Una torre de viviendas de diseño imponente. Una abigarrada multitud (segregada socialmente) queriendo hacer las veces de vecinos modélicos. Con ese orden de ocupación de los pisos que responde ni más ni menos que a su solvencia económica: los más desahogados buscarán las alturas, mientras los de economía menos boyante (confiando, insensatos, en una pronta promoción) deberán morar en los pisos inferiores. Con sus iguales, disfrutando todos de una falsa sensación de autosuficiencia, de lujo merecido.

Por lo demás, su día a día no cambia.
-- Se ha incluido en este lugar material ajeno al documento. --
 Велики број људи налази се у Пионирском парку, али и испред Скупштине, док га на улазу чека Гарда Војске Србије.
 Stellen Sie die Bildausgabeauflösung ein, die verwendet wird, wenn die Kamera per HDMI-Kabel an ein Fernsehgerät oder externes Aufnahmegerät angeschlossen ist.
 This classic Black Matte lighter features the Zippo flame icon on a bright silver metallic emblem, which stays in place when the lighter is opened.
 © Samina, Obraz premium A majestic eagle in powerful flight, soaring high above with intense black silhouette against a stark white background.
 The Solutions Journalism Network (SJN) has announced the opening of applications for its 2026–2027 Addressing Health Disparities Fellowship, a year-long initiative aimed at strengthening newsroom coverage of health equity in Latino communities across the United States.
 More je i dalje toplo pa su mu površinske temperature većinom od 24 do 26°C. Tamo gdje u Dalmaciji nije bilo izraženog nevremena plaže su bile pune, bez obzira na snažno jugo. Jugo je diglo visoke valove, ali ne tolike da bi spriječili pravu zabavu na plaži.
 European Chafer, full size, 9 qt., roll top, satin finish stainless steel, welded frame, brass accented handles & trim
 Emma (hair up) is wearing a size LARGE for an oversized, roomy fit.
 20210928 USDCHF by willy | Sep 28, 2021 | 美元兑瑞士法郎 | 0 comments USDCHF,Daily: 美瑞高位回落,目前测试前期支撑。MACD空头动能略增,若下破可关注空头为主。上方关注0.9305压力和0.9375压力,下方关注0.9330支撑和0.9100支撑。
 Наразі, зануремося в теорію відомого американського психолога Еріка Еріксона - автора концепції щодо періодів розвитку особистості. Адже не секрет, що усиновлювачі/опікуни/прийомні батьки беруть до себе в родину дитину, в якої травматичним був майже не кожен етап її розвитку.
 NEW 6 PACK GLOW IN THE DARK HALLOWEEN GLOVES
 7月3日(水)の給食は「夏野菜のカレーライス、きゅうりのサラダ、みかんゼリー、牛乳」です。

Se levantan, montan en sus vehículos, desarrollan su jornada laboral, vuelven a encerrarse en sus cubículos y se repiten frente al espejo que todo va bien, que están donde querían estar. Hasta que el malestar crece. Hasta que la comunidad de propietarios deja de asumir… ciertas reparaciones. Hasta que todo se tuerza y nadie quiera seguir estando allá donde le dijeron que le tocaba.

Quizás le pueda la sorna. Quizás no sea precisamente sutil. Quizás estemos hartos de distopías. High-Rise, con todo, ha sido el divertimento-pasote del año.

2.- We come as friends, de Hubert Sauper

Hace diez años el austríaco Hubert Sauper sacudió nuestras laxas conciencias (a prueba de balas por sobreexposición a telediarios) con un filme plagado de revelaciones insoportables. Se tituló La pesadilla de Darwin y cualquiera que lo viese no volvería a comprar pescado en el mercado sin preguntar, siquiera tímidamente: “oye, reina… ¿estos filetes de panga de donde dices que vienen?”.

Sauper vuelve al continente africano y se centra esta vez en la República de Sudán del Sur, otro país nacido de las aspiraciones de soberanía… extranjeras. Allí, tentados por sus recursos naturales y amparados en una ‘alegalidad’ muy conveniente, las grandes corporaciones se marcan un pulso colonial a costa del interés general y las escasas posibilidades de desarrollo de un país al que serías incapaz de situar siquiera en el mapa. Y no es casualidad que así sea.

No temáis, aborígenes subdesarrollados. Venimos como amigos.

1.- Historia de una pasión, de Terence Davies

Profunda, triste, desesperanzada. El último Terence Davies es la perversión de una novela de las Brontë, el colmo de un personaje decimonónico. Pero es que la pasión de Emily Dickinson fue siempre una y sólo una: la muerte. Pensarla, imaginarla, anticiparla hasta extremos morbosos. De madrugada, a la hora del lobo. O tras un largo paseo del brazo de quién un día no estará. El único matrimonio que deseó fue el que ya había pactado de joven con esa eternidad a la que ella miraba a los ojos desde unos poemas que parecían compuestos con el musgo como colchón y la hiedra por almohada.

Por todo ello, Historia de una pasión ha sido el mejor filme-elegía del año. De un año en el que nos llegaron dos largos del septuagenario Davies: la presente y Sunset Song, confirmándolo como un genio del desafuero interior. De un cine empeñado en retratar lo privado con sumo pudor, como si un George Cukor revivido hubiese prescindido de los oropeles y el glamour para centrase en una mujer sola, no abandonada.